Freeman stayed at the Governor's Mansion whenever he went to Texas, said Joe Allbaugh, Bush's gubernatorial chief of staff and 2000 campaign chief. "They are very close friends. [Freeman] has got a fantastic sense of humor," he said, adding that Bush takes the presidency "very seriously, but he doesn't take himself very seriously."
Freeman paints his loyalty to Bush in broad brushstrokes. He praises the president for ridding Iraq of Saddam Hussein and adopting tax cuts.
"He's got character," Freeman said of Bush. "He's got integrity. His word is his bond. I've seen him under fire. I've seen him in a myriad of situations, and he's never disappointed me. He's a man of faith. He's a fantastic husband and parent. And I respect that."
Stories about their friendship are rife. At Freeman's house, Tuttle ticks off a few: The gym story. The Belgium story. The story about Natasha, Miss World. But he reveals no details.
Freeman too is a faithful keeper of the presidential past. In his own way. Once, Freeman says, a reporter asked him if he used to go drinking with Bush and he answered, "All the time." How was Bush under the influence? "How would I know? I was passed out," Freeman quipped. "And the reporter took me seriously."
This, Tuttle interjects, points to one of the biggest bonds between Freeman and the president: Humor.

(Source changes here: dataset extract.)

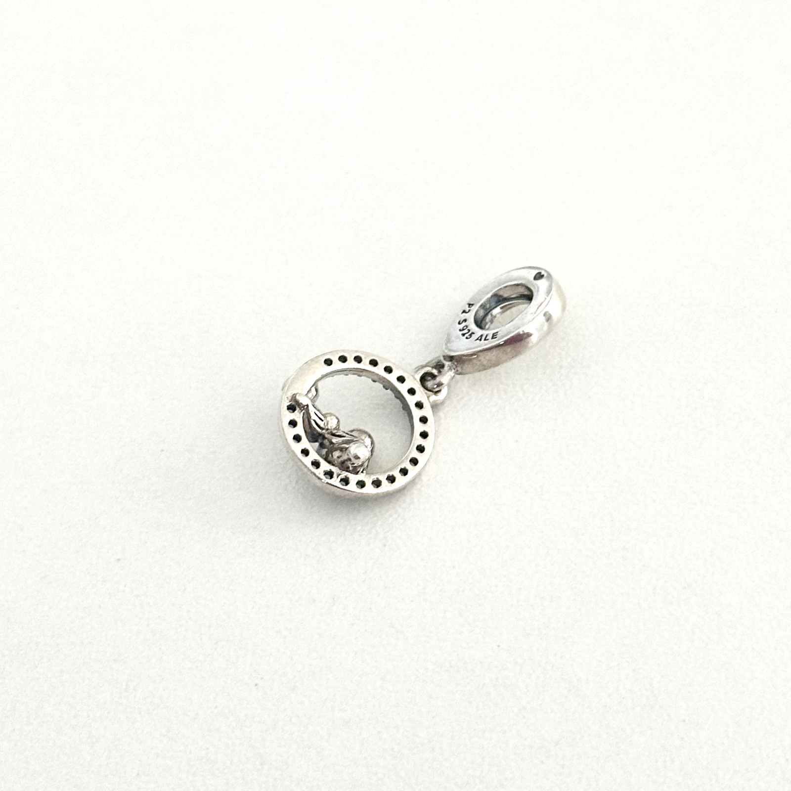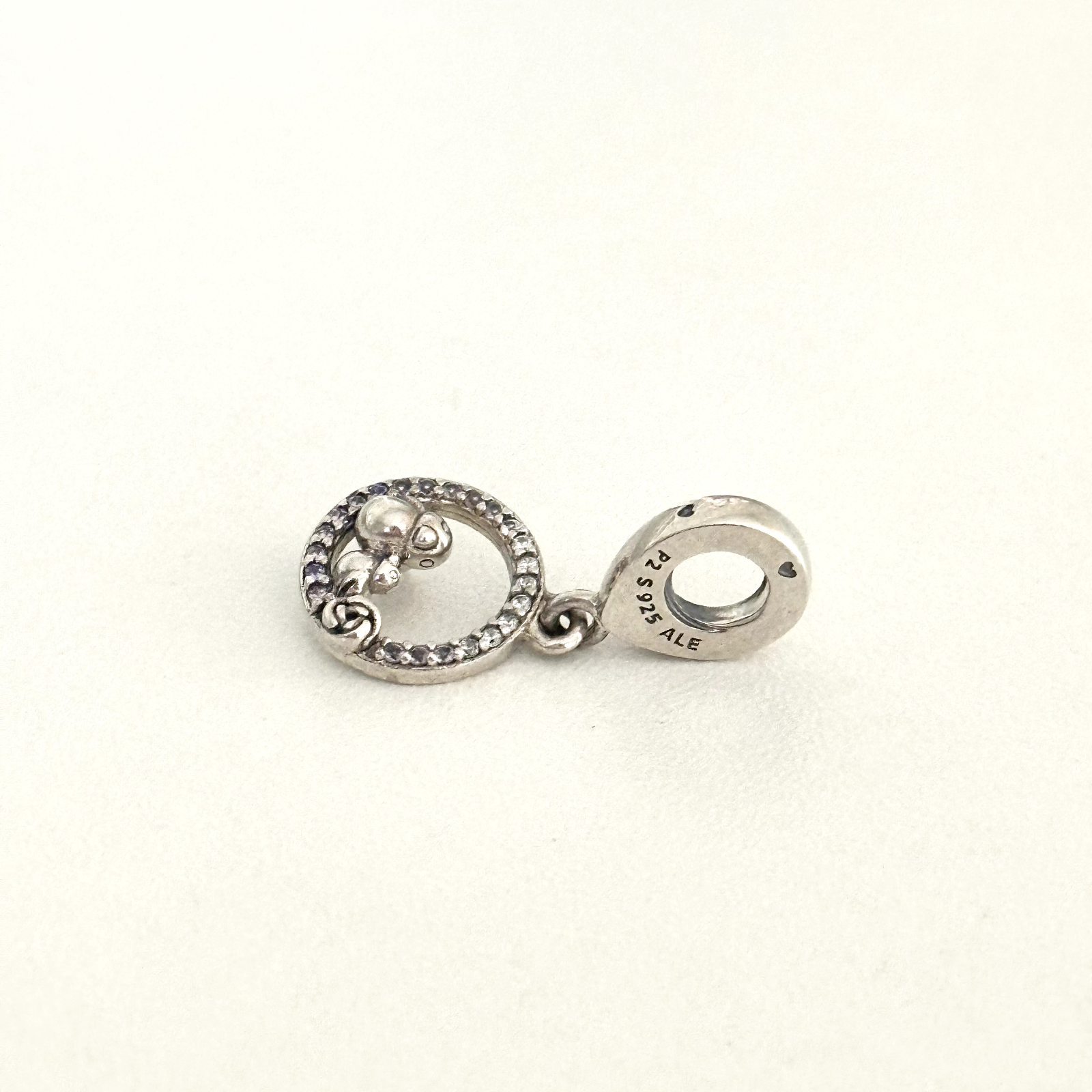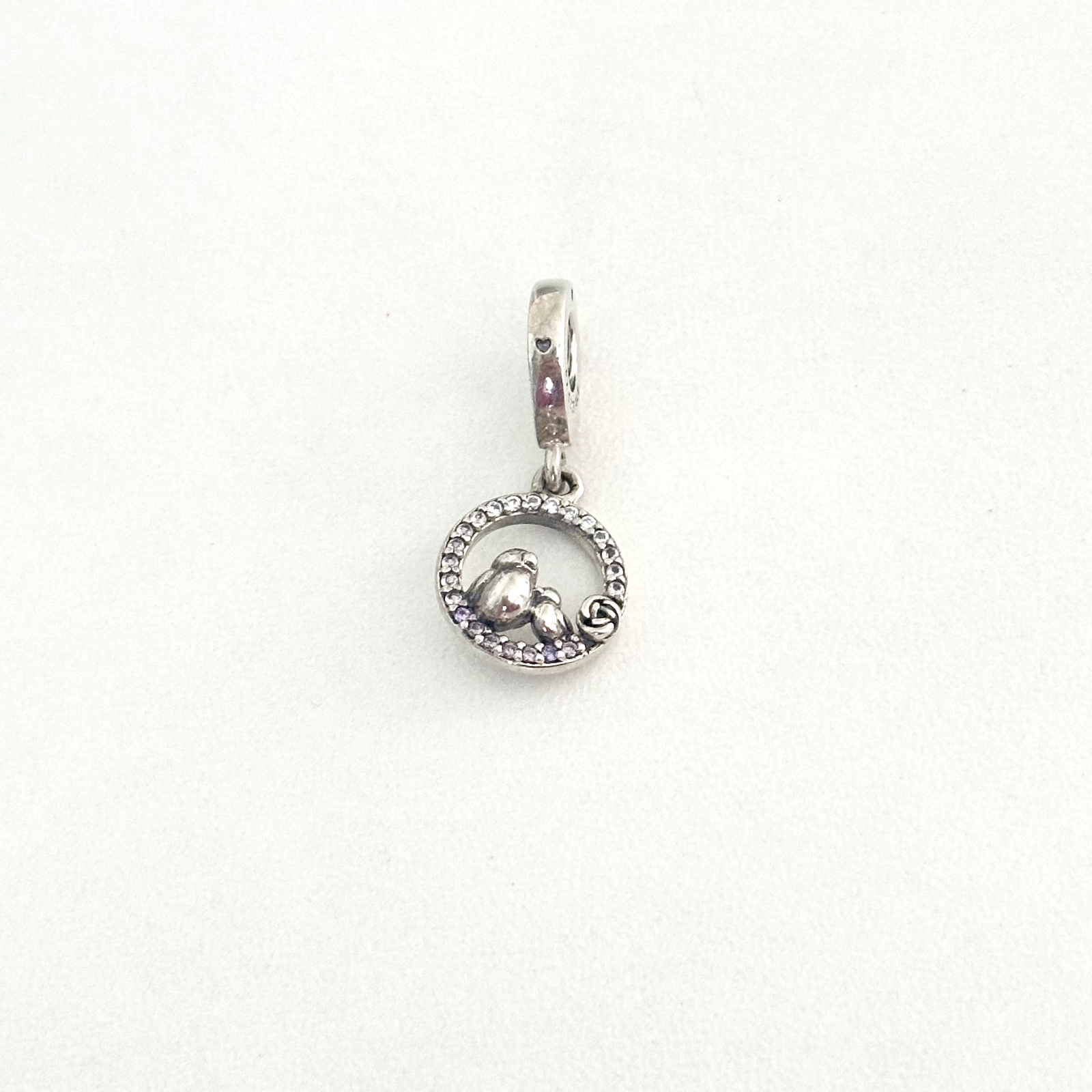 Pandora 925 Sterling Silver Mother & Baby Bird Purple CZ Round Dangle Bead Charm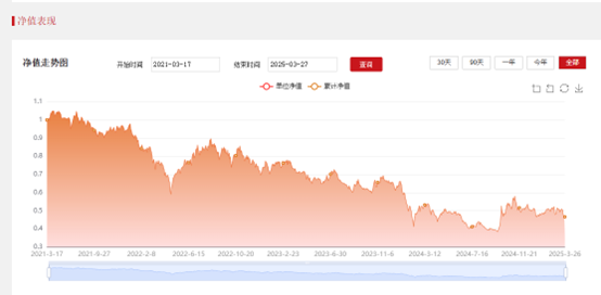 截至3月26日数据显示,东方阿尔法招阳A成立四年,基金净值腰斩,同类排名垫底。

Bush's jokes have gotten him in trouble too, as at the White House press dinner in March, when Bush showed himself on a big-screen TV pretending to search under furniture for Iraq's yet-to-be-found weapons of mass destruction. Some were deeply offended by the humor at a time when troops were coming home dead and wounded.
What most endears Freeman to Bush, Tuttle says, is that "Brad doesn't want anything."
"He's doing this because he feels George Bush will make a better America," Tuttle says. "What does Brad have to gain by raising money for Bush?"